Tuning the relevance of a document

Amazon Kendra queries produce search results ranked by their relevance. The searchable fields or attributes in the index all contribute to this ranking.

You can modify the effect of a field or attribute on the relevance of a document through relevance tuning. Tuning the relevance of a document can either be done manually at the index level, where you set tuning configurations for your index, or at the query level by overriding configurations set at the index level.

When you use relevance tuning, a result is given a boost in the response when the query includes terms that match the field or attribute. You also specify how much of a boost the document receives when there is a match. Relevance tuning doesn't cause Amazon Kendra to include a document in the query response, it is only one of the factors that Amazon Kendra uses to determine the relevance of a document.

You can boost specific fields or attributes in your index to assign more importance to specific responses. For example when someone searches for "When is re:Invent?" you could boost the relevance of document freshness in the "_last_update_at" field. Or, in an index of research reports, you could boost a specific data source in the "source" field.

You can also boost documents based on votes or view counts which is common in forums and other support knowledge bases. You can combine boosts, for example to boost documents that are viewed more as well as more recent.

You set the amount of boost that a document receives by using the Importance parameter. The higher the Importance, the more the field or attribute boosts the relevance of a document. When you tune your index or tune at the query level, increase the value of the Importance parameter in small increments until you get the effect that you want. To determine if you are improving search results, perform the search and compare the results to previous queries .

You can specify date, number, or string fields and attributes to tune an index or tune at the query level. Each type of field or attribute has specific criteria for when it boosts a result.

  • Date fields or attributes – There are three specific criteria for date fields, Duration, Freshness and RankOrder.

    • Duration sets the time period that the boost applies to. For example, if you set the time period to 86400 seconds (i.e. one day), the boost begins to lessen after one day. The higher the importance, the faster the boost effect lessens.

    • Freshness determines how recent a document is when applied to a field or attribute. If you apply Freshness to either the field for date created or date last updated, then a more recently created or last updated document is considered "fresher" than an older document. For example, if document 1 was created on November 14, and document 2 was created on November 5, document 1 is "fresher" than document 2. And if document 1 was last updated on November 14, and document 2 was last updated on November 20, document 2 is "fresher" than document 1. The fresher the document, the more this boost is applied. You can only have one Freshness field in your index.

    • RankOrder applies the boost in either ascending or descending order. If you specify ASCENDING, later dates have precedence . If you specify DESCENDING, earlier dates have precedence.

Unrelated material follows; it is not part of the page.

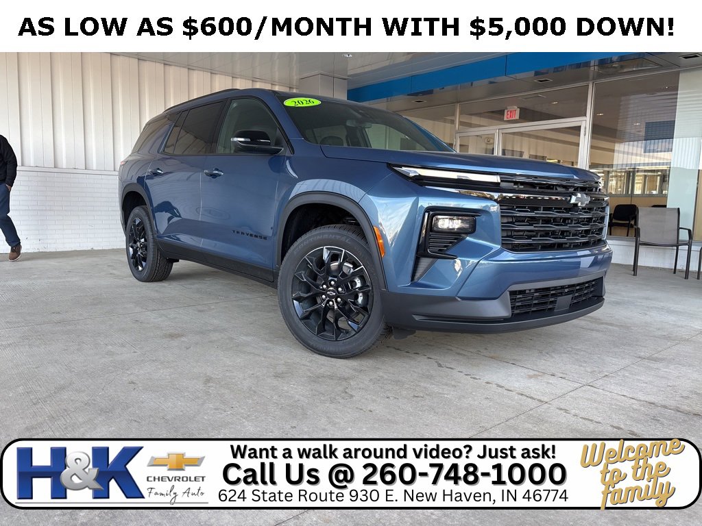 H&K Chevrolet has been family owned and operated for over 70 years. With our recently acquired New Haven location, we started our business in a town of 4,000 people, and carry forward over 70 plus years of success from our Continental location. We prioritize customer service, honesty, and up-front pricing to provide the easiest buying experience possible. At H&K Chevrolet, we are committed to building lasting relationships with our customers that extend beyond sales and service. Disclaimer: Payment shown above is based on financing for 84 months at 6.9% APR or applicable GM Financial promotional rate, whichever applies. Payment calculations assume qualification for GM Employee Pricing. All offers are subject to credit approval and may vary depending on individual credit history. Not all customers will qualify. Lakeshore Blue Metallic 2026 Chevrolet Traverse LT 1LT FWD 8-Speed Automatic 2.5L DOHC Lakeshore Blue Metallic.

  • Number fields or attributes – For number fields or attributes, you can specify the rank order that Amazon Kendra should use when determining the relevance of the field or attribute. If you specify ASCENDING, then higher numbers are given precedence. If you specify DESCENDING, then lower numbers have precedence.

  • String fields or attributes – For string fields or attributes, you can create categories of a field to give each category a different boost. For example, if you boost a field or attribute called "Department", you can give a different boost to documents from "HR" than to documents from "Legal".

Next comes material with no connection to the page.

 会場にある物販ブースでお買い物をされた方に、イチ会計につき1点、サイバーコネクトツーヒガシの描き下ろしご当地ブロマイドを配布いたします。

Relevance tuning at the index level

You tune the relevance of a field or attribute at the index level by using either the console to set tuning in the index details or the UpdateIndex operation. The following example sets the "_last_updated_at" field as the Freshness field for a document.

"DocumentMetadataConfigurationUpdates" : [ "Name": "_last_updated_at", "Type": "DATE_VALUE", "Relevance": { "Freshness": TRUE, "Importance": 2 } ]

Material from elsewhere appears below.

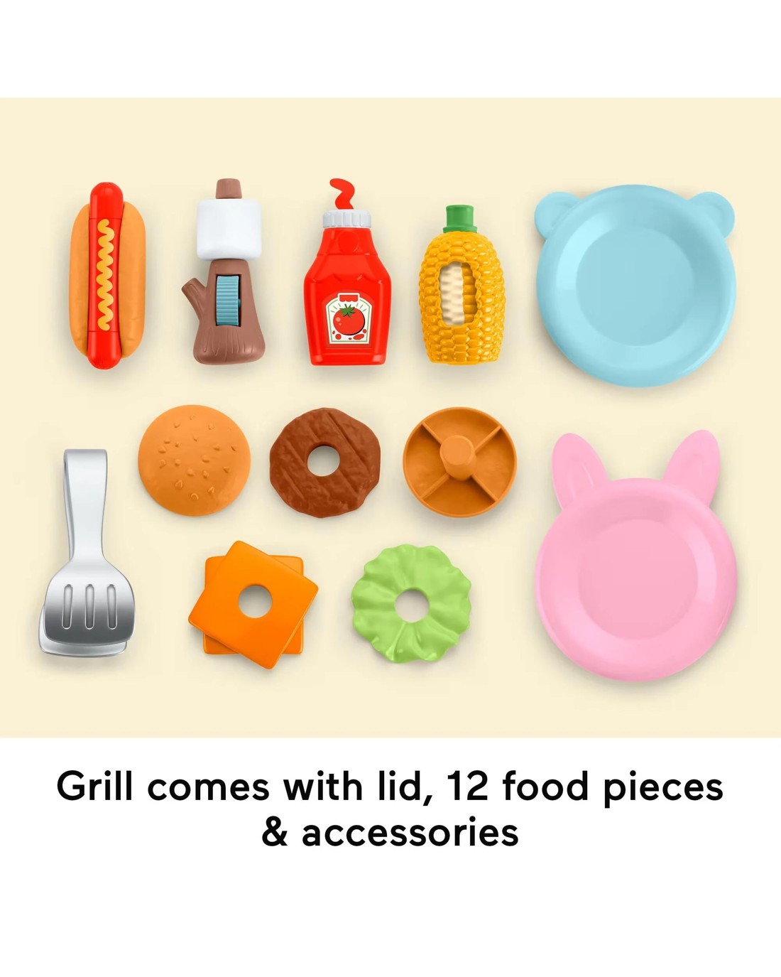 - Remove grill top to store play pieces inside; includes 2 plates, 1 cooking tongs, 5-piece buildable burger, 1 hot dog, 1 corncob, 1 marshmallow skewer, and 1 ketchup/mustard bottle

The following example applies different importance to the different categories in the "department" field.

"DocumentMetadataConfigurationUpdates" : [ "Name": "department", "Type": "STRING_VALUE", "Relevance": { "Importance": 2, "ValueImportanceMap": { "HR": 3, "Legal": 1 } } ]

Relevance tuning at the query level

You tune the relevance of a field or attribute at the query level by using the Query operation. Tuning at the query level can speed up the process of testing document relevance because you don't need to manually update the tuning configurations in the index for each test. You can tune the relevance of a document by passing tuning configurations in the query. Then you can see the different results that you get from different configurations. A configuration that is passed in the query overrides the configuration that is set at the index level.

The following example overrides the importance applied to the "department" field and each department category set at the index level, shown in the above example. When a user inputs their search query, the "department" field has a fair level of importance and the Legal department has more importance than the HR department .

"DocumentRelevanceOverrideConfigurations" : [ "Name": "department", "Type": "STRING_VALUE", "Relevance": { "Importance": 5, "ValueImportanceMap": { "HR": 2, "Legal": 8 } } ]